### Brief
Every line of the listing must be reproduced as it stands. Leave the images behind.

**** Given records ****

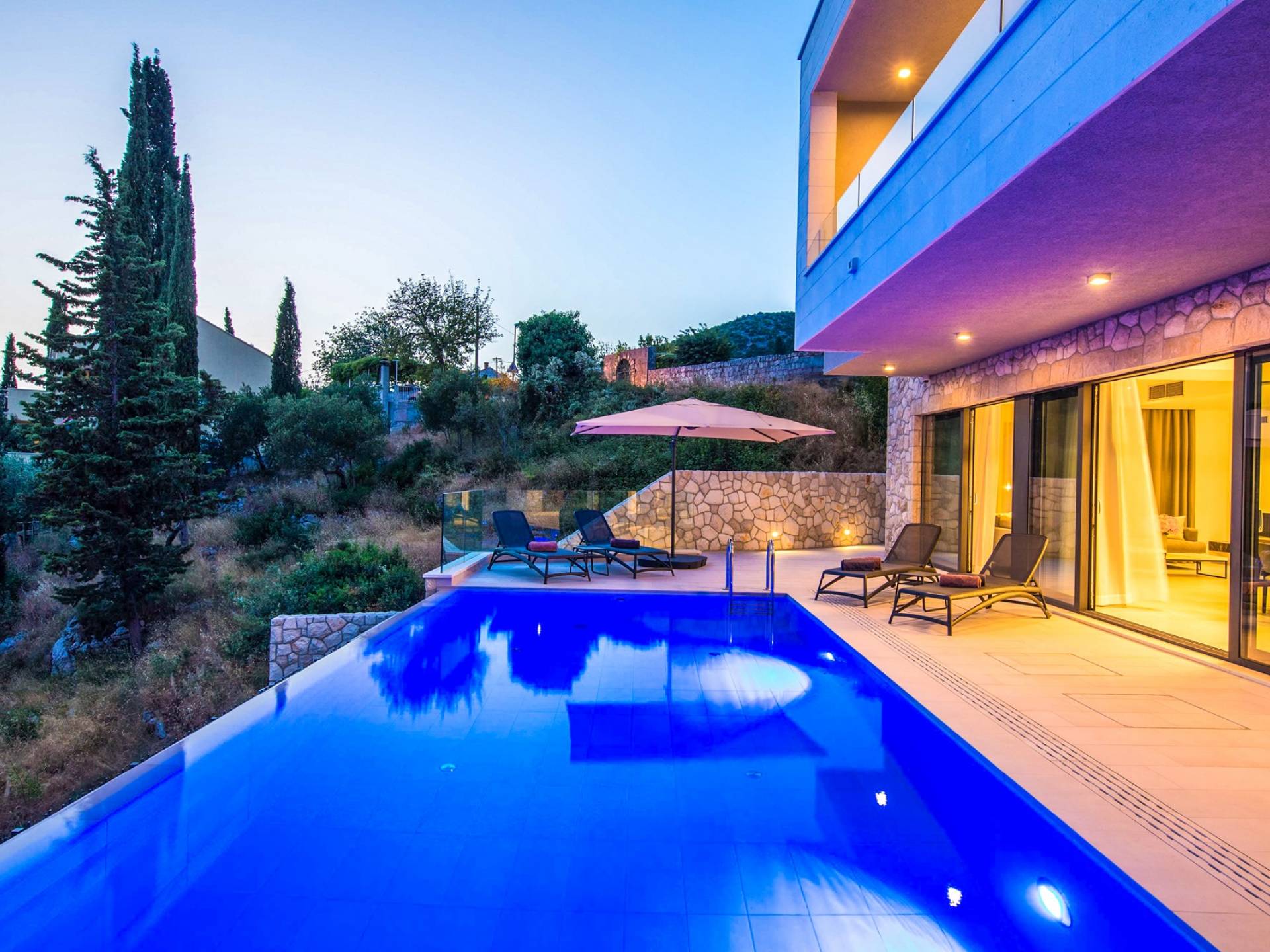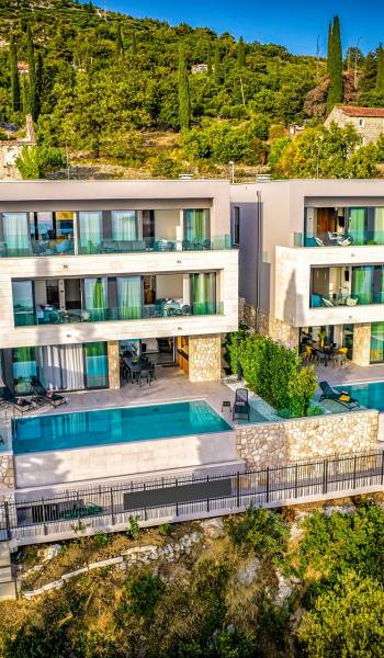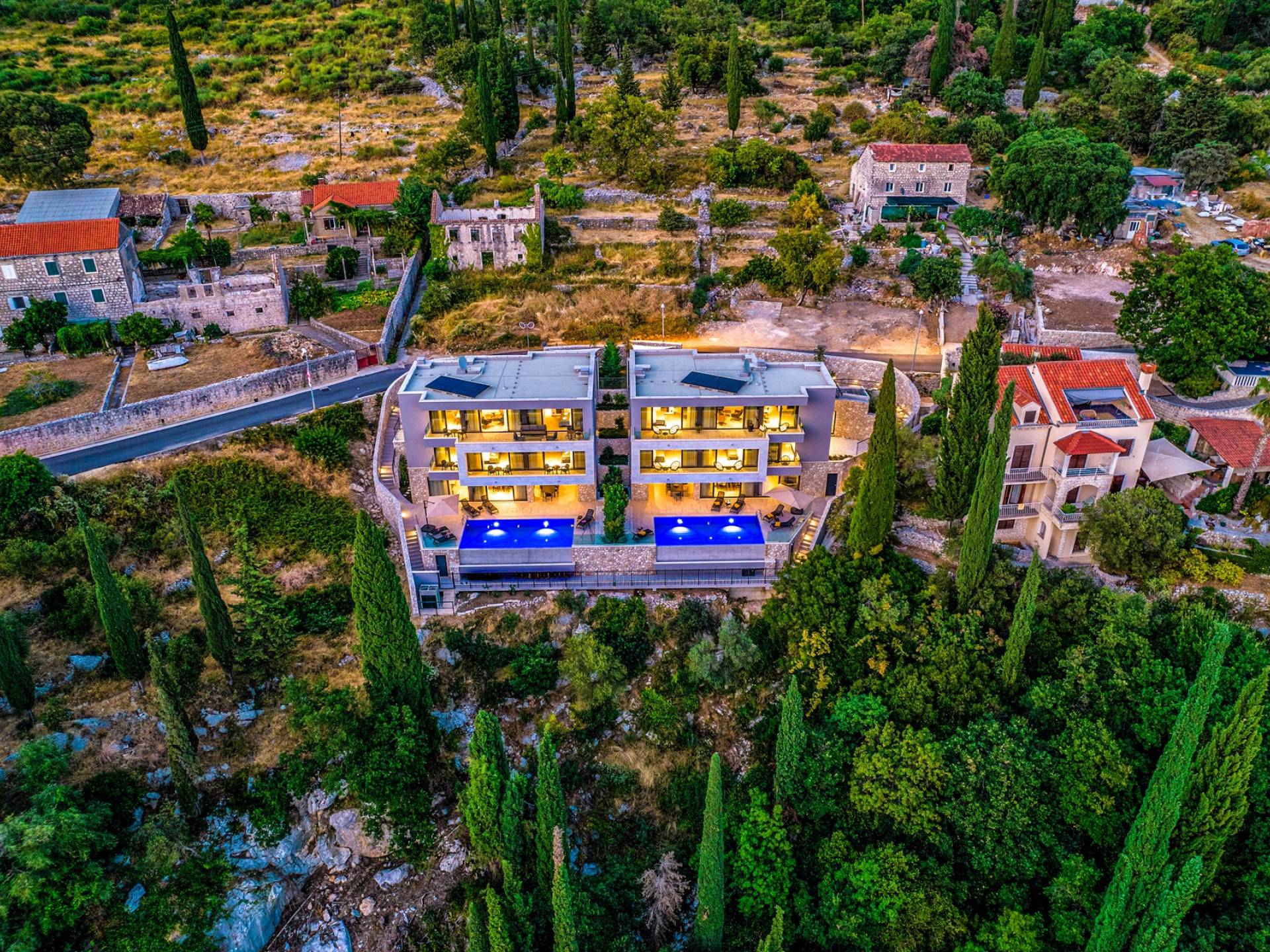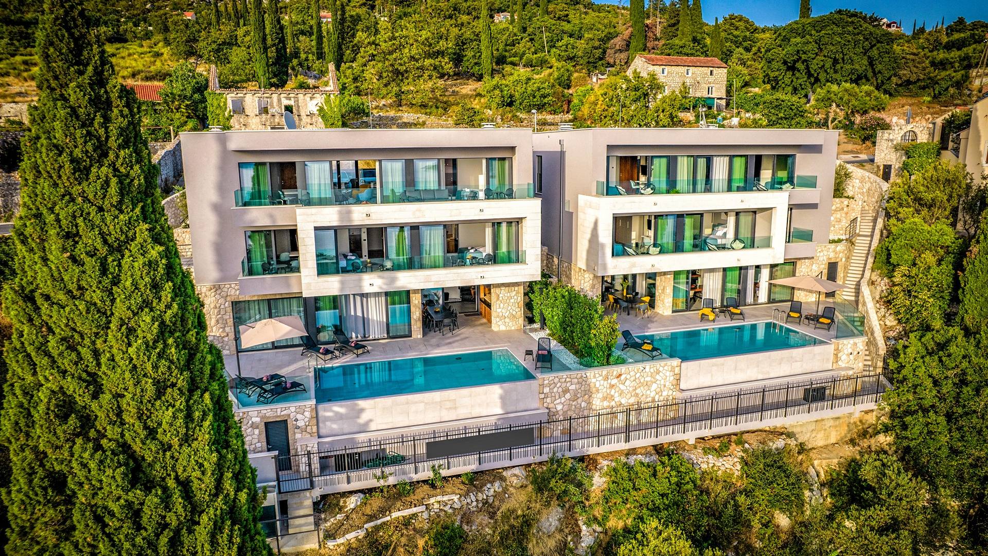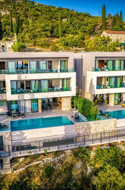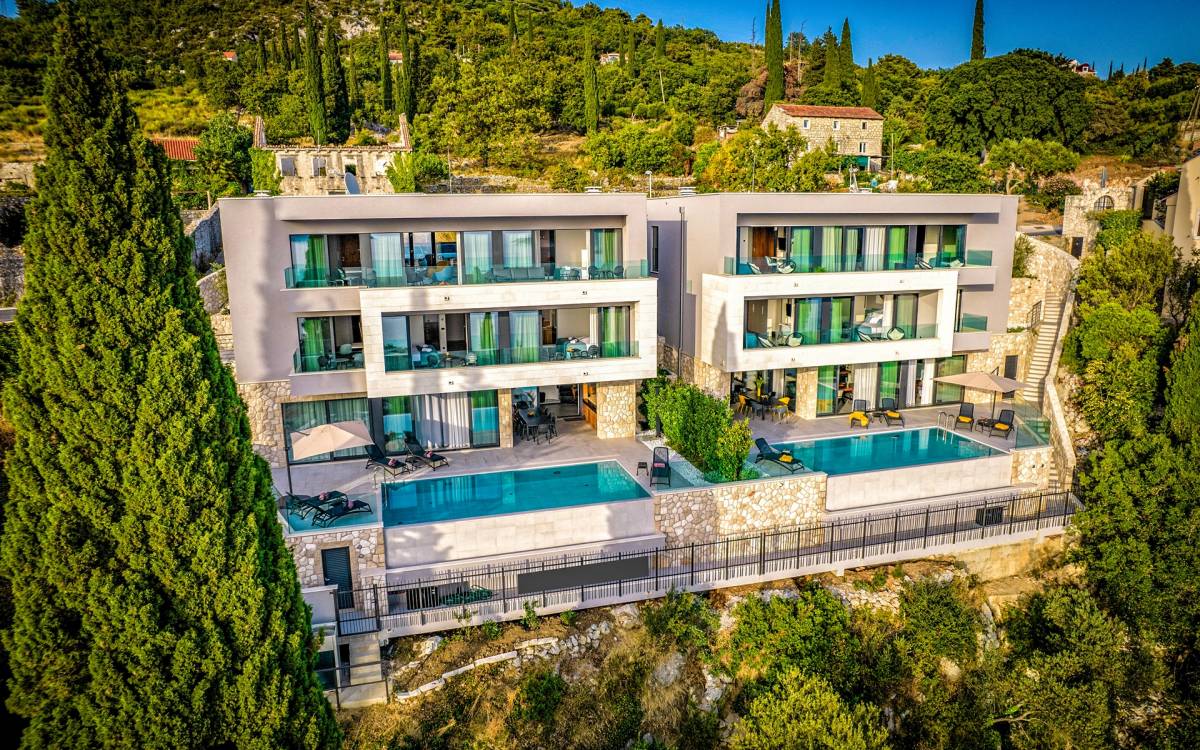 Estas villas de nueva construcción son un maravilloso ejemplo de arquitectura moderna e innovadora, espaciosas y aireadas, y los techos altos y las paredes de vidrio dan la sensación de libertad y abren la vista de las islas Dubrovnik. Los opuestos, es decir, las islas y el mar Adriático por un lado y las colinas circundantes por el otro, hacen que Orasac sea único. En medio de un hermoso paisaje natural, construido en una colina elevada, la villa ofrece una vista fantástica sobre el mar y la costa circundante. La villa con su mobiliario de alta calidad se ha integrado perfectamente en el paisaje de ladera mediterránea y se construyó en terrazas de varios niveles.
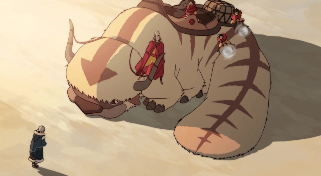 What fresh hell is this, Bryke? An honest-to-God sky bison, thought to have gone extinct with the exception of Appa? What gives? Aang, Appa, and Momo were the last living members of the Air Nation. The tragedy lied in that they were all each other had. Appa in particular was the only living part of Aang’s old life besides Bumi. It’s part of what made the arc where he went missing in Book 2 so compelling. Any viewer would naturally feel confused why this one is presented so casually and might wonder where in the hell it came from…and we don’t get an answer.
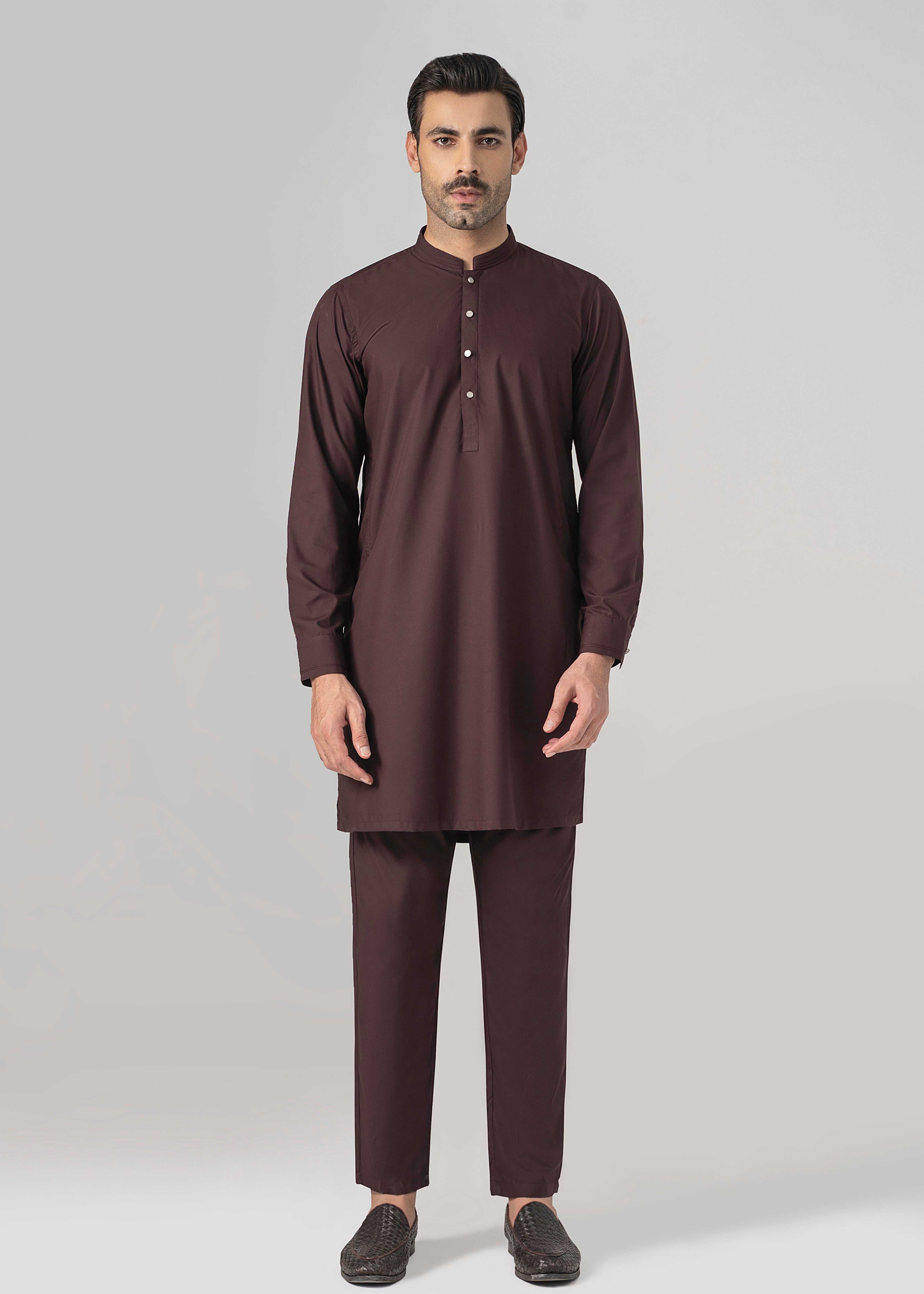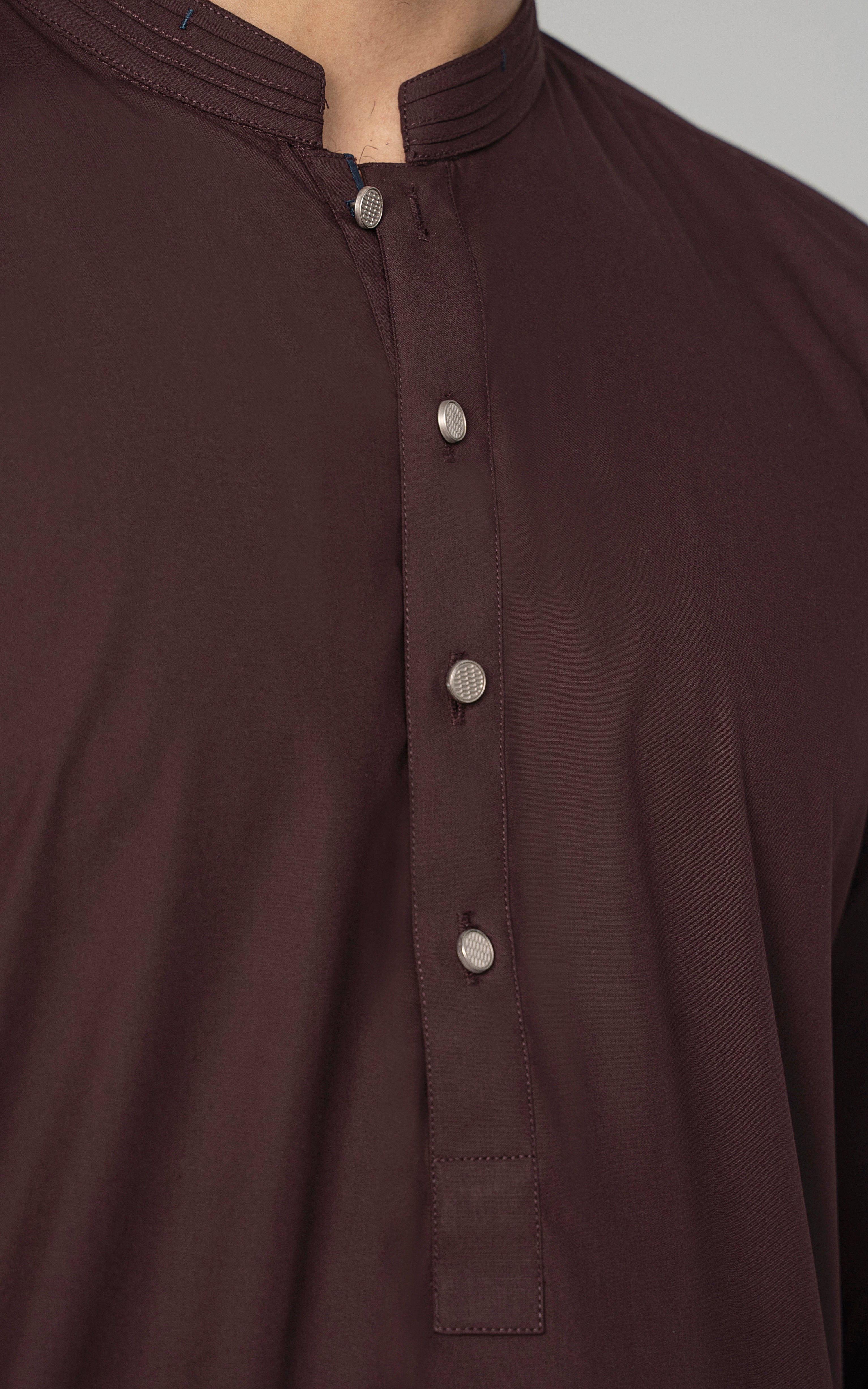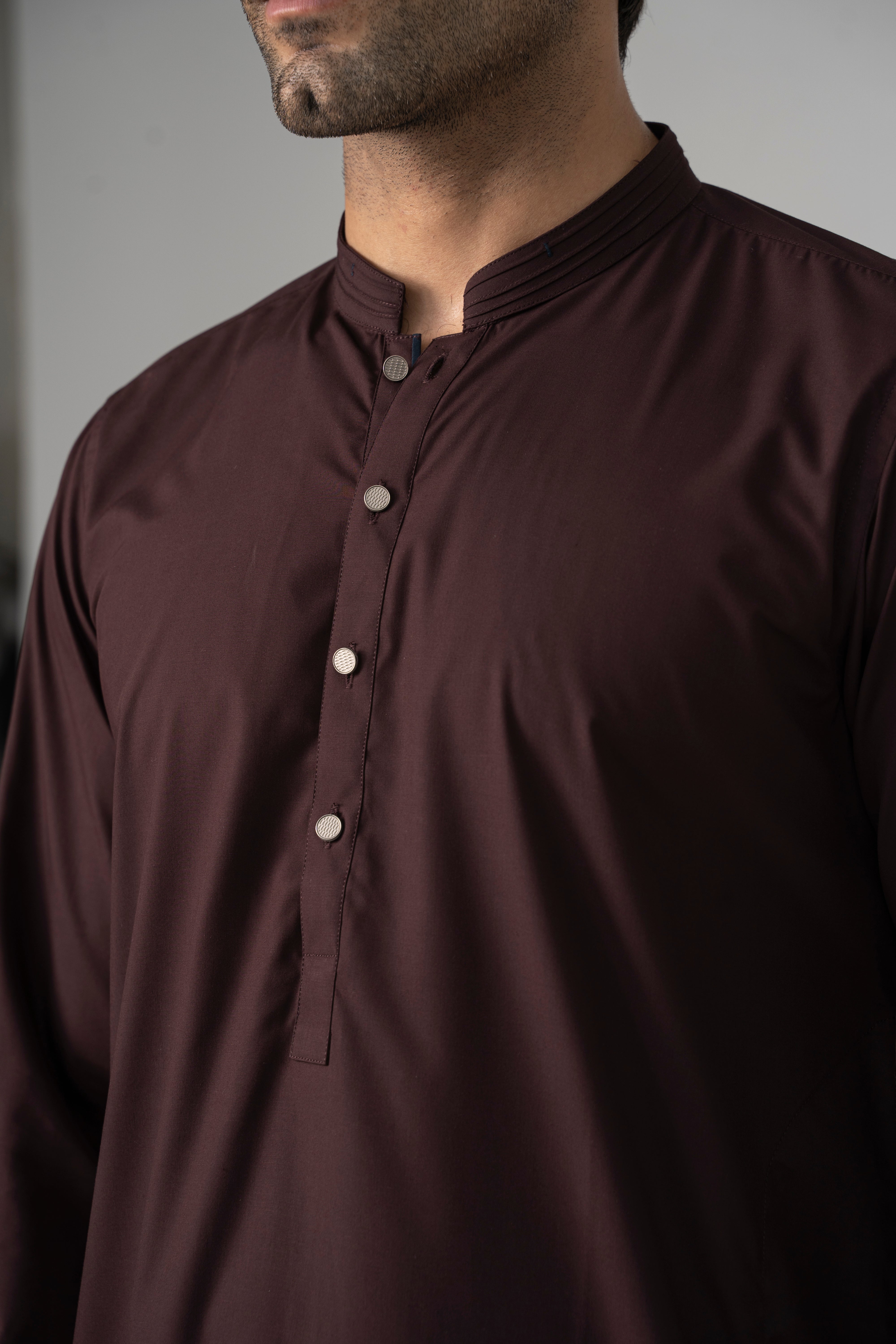 this fabric is the amalgamation of the two finest fibers of polyester and viscose. it has timeless appeal and versatile drape. this graceful cloth is available in beautiful dusky dark hues which are absolutely perfect for this winter season. mandarin ban stitching and bar-tack details on ban visible placket straight cuff stitching details on cuff straight hem special buttons premium blended fabric
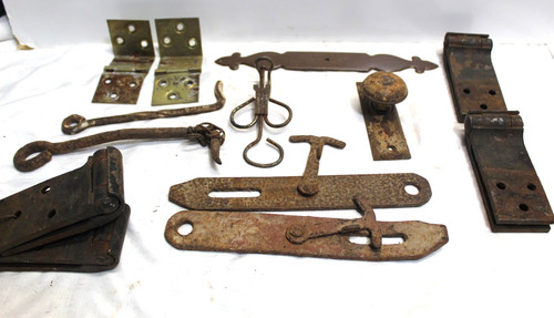This product is a lot of vintage and antique reclaimed salvage hardware, including hinges, hooks, and more. The items are authentic pieces from the United States, showcasing traditional antique style. The dimensions of the items vary, reflecting the unique and rustic charm of the pieces. Perfect for adding a touch of history and character to furniture or decorative items, this lot is ideal for those looking to incorporate vintage elements into their home or projects.
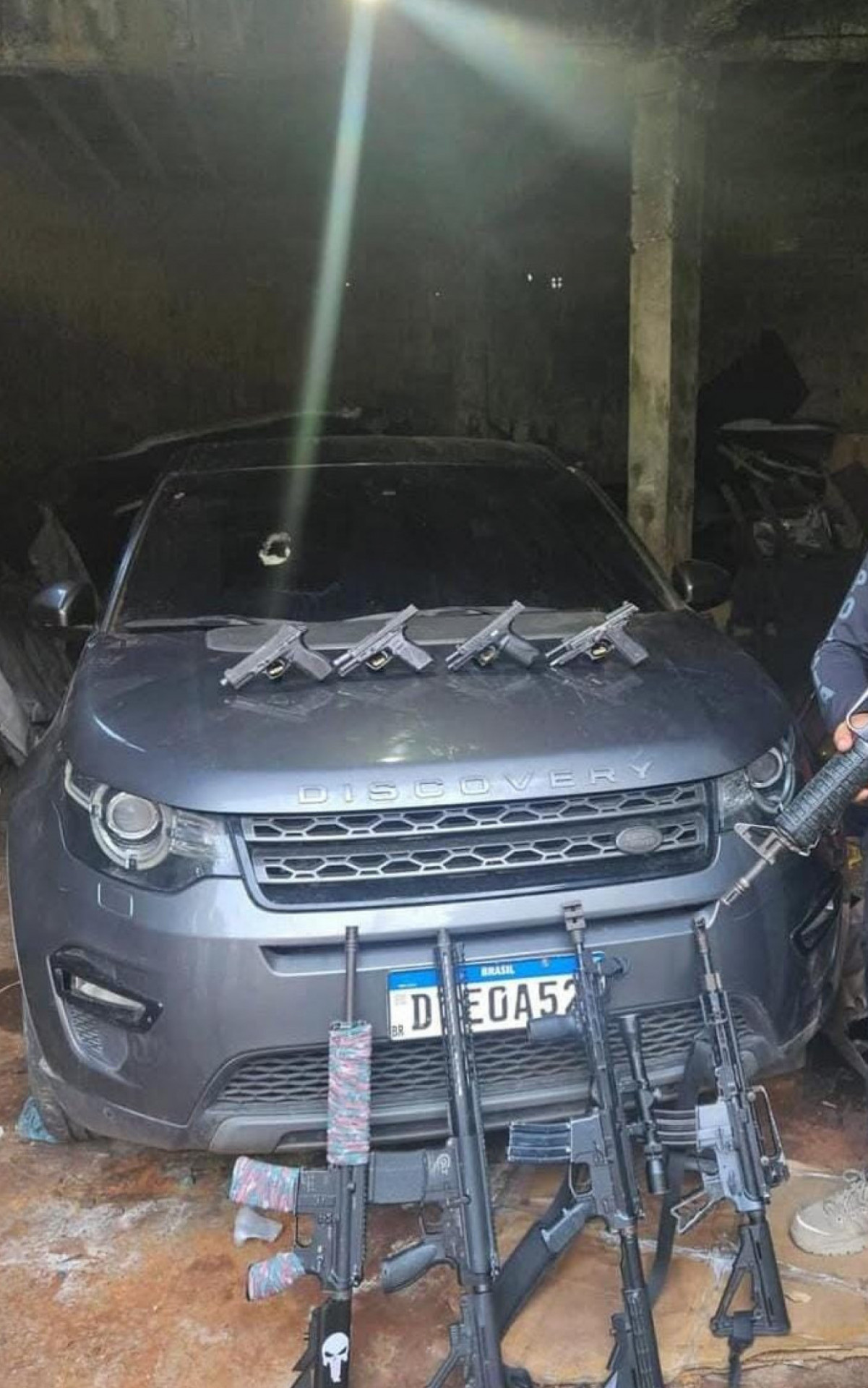 Polícia encontra arsenal do tráfico dentro de veículo blindado em operação no Morro do Dendê.

****

### Answer space
 Estas villas de nueva construcción son un maravilloso ejemplo de arquitectura moderna e innovadora, espaciosas y aireadas, y los techos altos y las paredes de vidrio dan la sensación de libertad y abren la vista de las islas Dubrovnik. Los opuestos, es decir, las islas y el mar Adriático por un lado y las colinas circundantes por el otro, hacen que Orasac sea único. En medio de un hermoso paisaje natural, construido en una colina elevada, la villa ofrece una vista fantástica sobre el mar y la costa circundante. La villa con su mobiliario de alta calidad se ha integrado perfectamente en el paisaje de ladera mediterránea y se construyó en terrazas de varios niveles.
 What fresh hell is this, Bryke? An honest-to-God sky bison, thought to have gone extinct with the exception of Appa? What gives? Aang, Appa, and Momo were the last living members of the Air Nation. The tragedy lied in that they were all each other had. Appa in particular was the only living part of Aang’s old life besides Bumi. It’s part of what made the arc where he went missing in Book 2 so compelling. Any viewer would naturally feel confused why this one is presented so casually and might wonder where in the hell it came from…and we don’t get an answer.
 this fabric is the amalgamation of the two finest fibers of polyester and viscose. it has timeless appeal and versatile drape. this graceful cloth is available in beautiful dusky dark hues which are absolutely perfect for this winter season. mandarin ban stitching and bar-tack details on ban visible placket straight cuff stitching details on cuff straight hem special buttons premium blended fabric
This product is a lot of vintage and antique reclaimed salvage hardware, including hinges, hooks, and more. The items are authentic pieces from the United States, showcasing traditional antique style. The dimensions of the items vary, reflecting the unique and rustic charm of the pieces. Perfect for adding a touch of history and character to furniture or decorative items, this lot is ideal for those looking to incorporate vintage elements into their home or projects.
 Polícia encontra arsenal do tráfico dentro de veículo blindado em operação no Morro do Dendê.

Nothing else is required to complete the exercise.